Mean Deviation | 4.01 | |||
Standard Deviation | 5.68 | |||
Variance | 32.22 |
Please note, the risk measures we provide can be used independently or collectively to perform a risk assessment. When comparing two potential investments, we recommend comparing similar equities with homogenous growth potential and valuation from related markets to determine which investment holds the most risk.
Currently Active Assets on Macroaxis
When determining whether Predictive Oncology offers a strong return on investment in its stock, a comprehensive analysis is essential. The process typically begins with a thorough review of Predictive Oncology's financial statements, including income statements, balance sheets, and cash flow statements, to assess its financial health. Key financial ratios are used to gauge profitability, efficiency, and growth potential of Predictive Oncology Stock. Outlined below are crucial reports that will aid in making a well-informed decision on Predictive Oncology Stock:Check out Historical Fundamental Analysis of Predictive Oncology to cross-verify your projections. For more detail on how to invest in Predictive Stock please use our How to Invest in Predictive Oncology guide.You can also try the Correlation Analysis module to reduce portfolio risk simply by holding instruments which are not perfectly correlated.

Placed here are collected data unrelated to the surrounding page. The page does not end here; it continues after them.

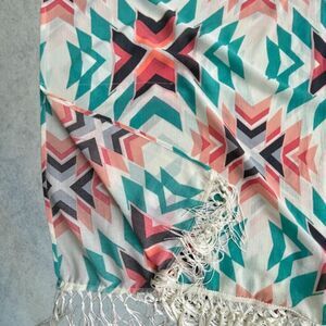 Kimono Cardigan Womens Size S/M Aztec Ivory Open Boxy Fringe Bohemian Cover Up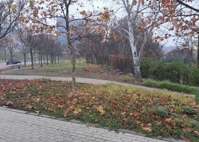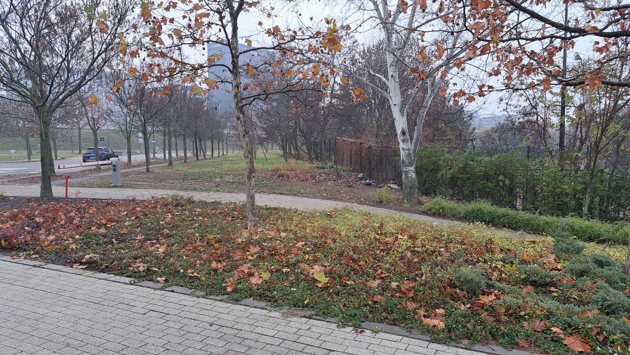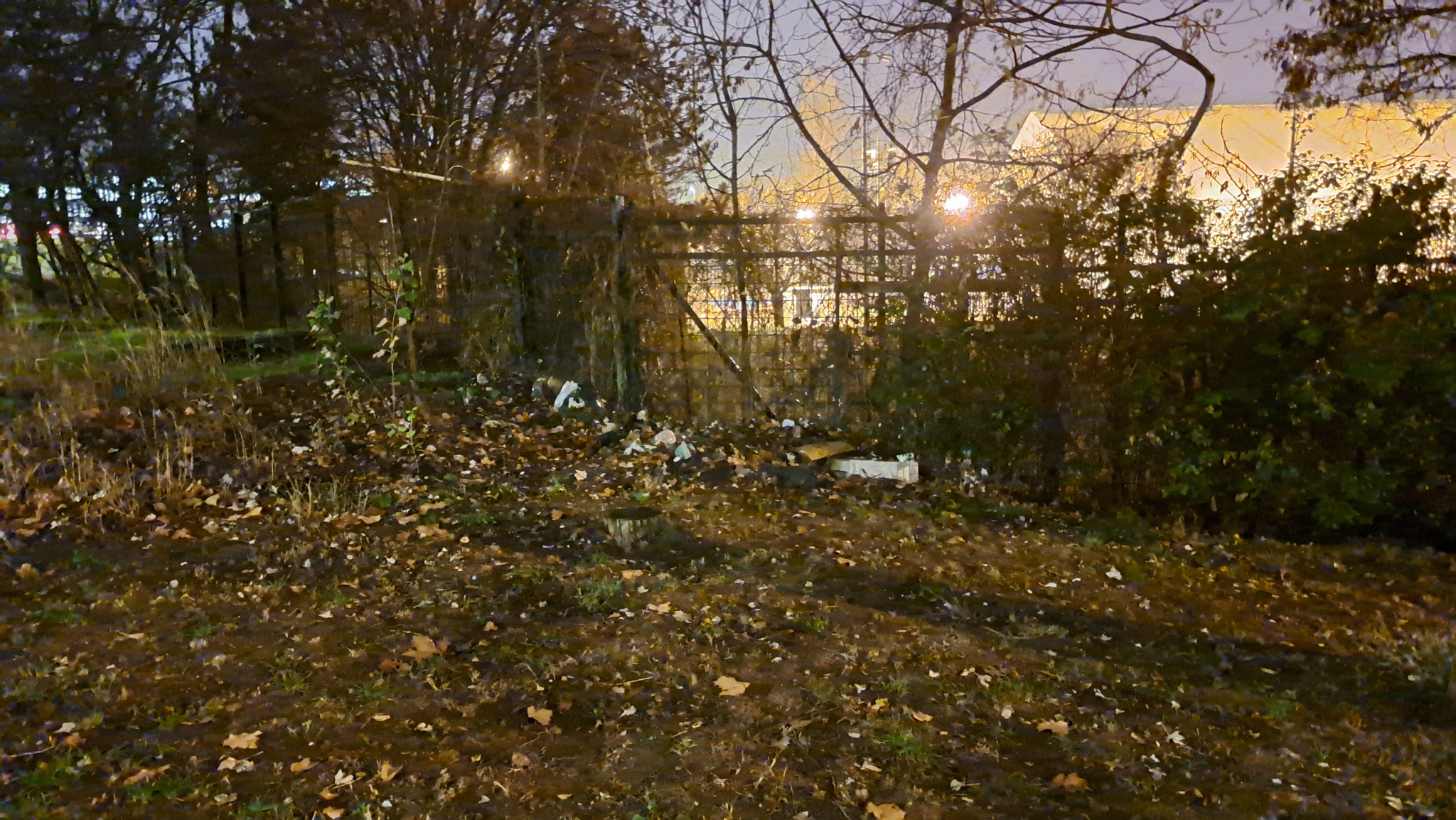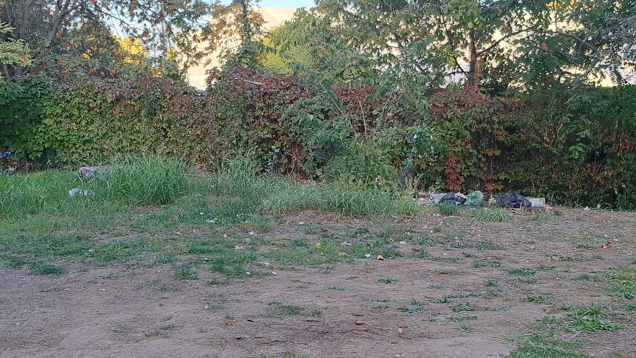 A Hevesy György úton a sporttelep kerítése mellett szemétkupac, kidobott matrac, a kórnyékén a zöldterület is tele szeméttel.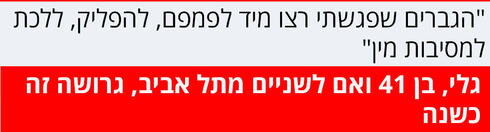 יש גם נשים שמתקדמות נורא מהר. אני רציתי להמשיך לדבר באפליקציה, והן כבר רוצות לדבר בטלפון, להיפגש, לשכב, לסמן וי. גם אם אתה כבר מגיע לשיחה עם בחורה, זה כמו בראיון עבודה. "כמה ילדים יש לך? למה התגרשת? מתי אתה נפגש עם הילדים? במה אתה עובד? כמה אתה מרוויח? יש לך בית?" אולי אשלח לה את קורות החיים שלי וזהו?

Is Health Care Equipment & Supplies space expected to grow? Or is there an opportunity to expand the business' product line in the future? Factors like these will boost the valuation of Predictive Oncology. If investors know Predictive will grow in the future, the company's valuation will be higher. The financial industry is built on trying to define current growth potential and future valuation accurately. All the valuation information about Predictive Oncology listed above have to be considered, but the key to understanding future value is determining which factors weigh more heavily than others.
Earnings Share (2.96) | Revenue Per Share 0.416 | Quarterly Revenue Growth (0.43) | Return On Assets (0.56) | Return On Equity (1.49) |
The market value of Predictive Oncology is measured differently than its book value, which is the value of Predictive that is recorded on the company's balance sheet. Investors also form their own opinion of Predictive Oncology's value that differs from its market value or its book value, called intrinsic value, which is Predictive Oncology's true underlying value. Investors use various methods to calculate intrinsic value and buy a stock when its market value falls below its intrinsic value. Because Predictive Oncology's market value can be influenced by many factors that don't directly affect Predictive Oncology's underlying business (such as a pandemic or basic market pessimism), market value can vary widely from intrinsic value.
Please note, there is a significant difference between Predictive Oncology's value and its price as these two are different measures arrived at by different means. Investors typically determine if Predictive Oncology is a good investment by looking at such factors as earnings, sales, fundamental and technical indicators, competition as well as analyst projections. However, Predictive Oncology's price is the amount at which it trades on the open market and represents the number that a seller and buyer find agreeable to each party.